By: Dave Jordan/Christine Kennedy
By: Dave Jordan/Christine Kennedy

President Barack Obama says he'll withdraw America's combat brigades from Iraq over the next 18 months.

He made that announcement before 2,000 Marines at Camp Lejeune today. Obama spent about four hours in Eastern Carolina, as Air Force One left Cherry Point around 3:10 p.m.

The president began his speech at Camp Lejeune at noon by recognizing North Carolina Governor Beverly Perdue, Senator Kay Hagan and other North Carolina dignitaries.

He recognized the troops overseas, saying "We have you in our prayers, we pay tribute to your service."

The president saluted the troops, saying many of them have endured tour after tour of duty, know the dangers of combat and distance from loved ones. He said our troops fight against tyranny and disorder, bleed for their best friends and for unknown Iraqis and bear an enormous burden for their country.

President Obama told the troops at Lejeune he was there to talk about the end of the Iraq war.

Click this link to read the full speech.

The president said the violence will not end, but there is a new hope for Iraq, as U.S. forces help the war-torn country build a new foundation.

He announced his administration's review of the war in Iraq is complete and said a new course has been developed to transition Iraq to full Iraqi responsibility.

The president said the first part of the course is responsible removal of our combat units from Iraq. The timeline he proposed will remove combat units from Iraq in 18 months, by August 31, 2010. He repeated America's combat mission in Iraq will end on that date. He said the safety and security of U.S. troops and civilians in Iraq are paramount in the removal of troops.

He said all U.S. troops will be removed from Iraq by the end of 2011.

The president said the role then will be to support the Iraq government and its forces. He said we will continue training, equipping and advising Iraqi security forces as long as they remain non-sectarian, continue counterterrorism and protect ongoing U.S. efforts in Iraq.

Obama spoke directly to the people of Iraq, saying they had perserved through tyranny and terror. He said they showed a proud resilience that deserved respect.

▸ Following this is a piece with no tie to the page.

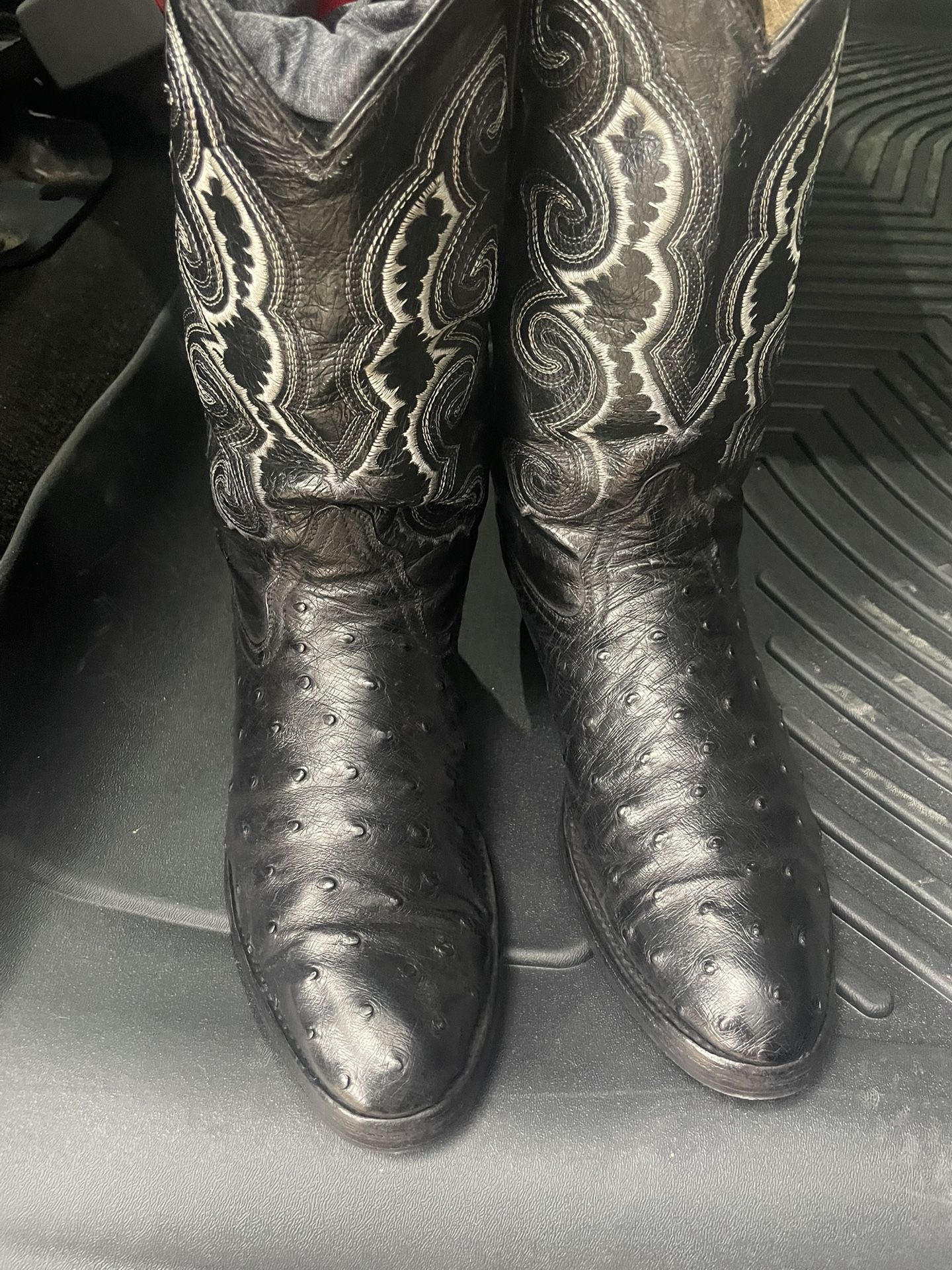 Men’s Black ostrich boots size 10 1/2 I accept cash, Cash App, PayPal, Zelle, and Venmo. I’m also open to any reasonable offers
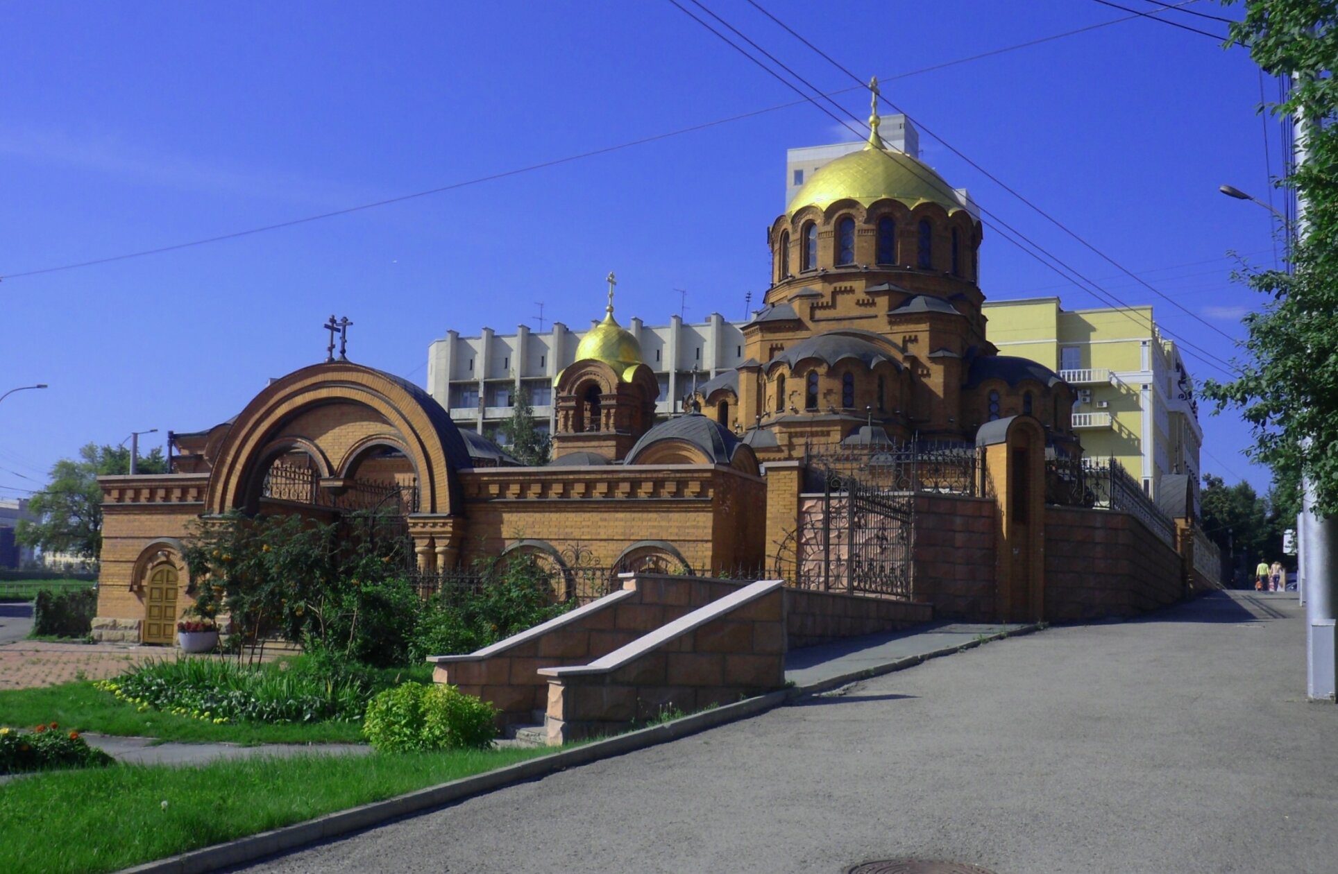 На фотографии запечатлён один из старейших и наиболее почитаемых православных храмов Новосибирска — собор во имя святого благоверного князя Александра Невского. Величественное каменное здание, возведённое в неовизантийском стиле, доминирует в окружающем пространстве, что подчёркивается его расположением на возвышении. Золочёные купола, венчающие храм, сияют под лучами солнца, символизируя небесный свет и благодать.

"We Americans have offered our most precious resource, our young men and women" to help Iraq, the president said. He sai the United States pursues no claim on Iraq's territory or resources, and we need to build a lasting relationship built on respect.

He talked about refocusing America's weight to ending terrorism, by pursuits in Afghanistan and other Middle East countries.

The president said the government will build new wounded warrior centers, work to treat traumatic brain injuries and post-traumatic stress disorder.

The president said "service does not end with the person wearing the uniform." He talked about the unique burden military families endure, and the president said military families are a top priority for his administration.

The crowd roared when Obama said the government will raise military pay.

"The consequences of war are dire, the sacrifices immeasurable," said Obama. "We all honor you for them."

The president talked about two Camp Lejeune Marines who were recently awarded Navy Cross medals posthumously. The two died on April 22, 2008 when a suicide bomber targeted the post in Ramadi where they were standing post, and the two's efforts saved dozens of lives.

He told the troops their sacrifice should challenge all Americans to ask what can they do for their country.

The president concluded by saying "we have begun the work of ending this war."

Air Force One touched down shortly after 11:00 a.m. this morning at MCAS Cherry Point. The president left the plane and shook hands with a few Marines on the flight line before getting onboard Marine One.

The Goettge Memorial Field House at Camp Lejeune is a sea of green this morning, filled with Marines are seeing their Commander In Chief.

Inside the field house, WITN reporter Chelsea Donovan says the place is full of excitement. She says there is a packed house, the Marines are in good spirit, and a Marine band of playing patriotic songs.

Chelsea says there is a media frenzy inside the field house. WITN's location is next to Sky News of Great Britain.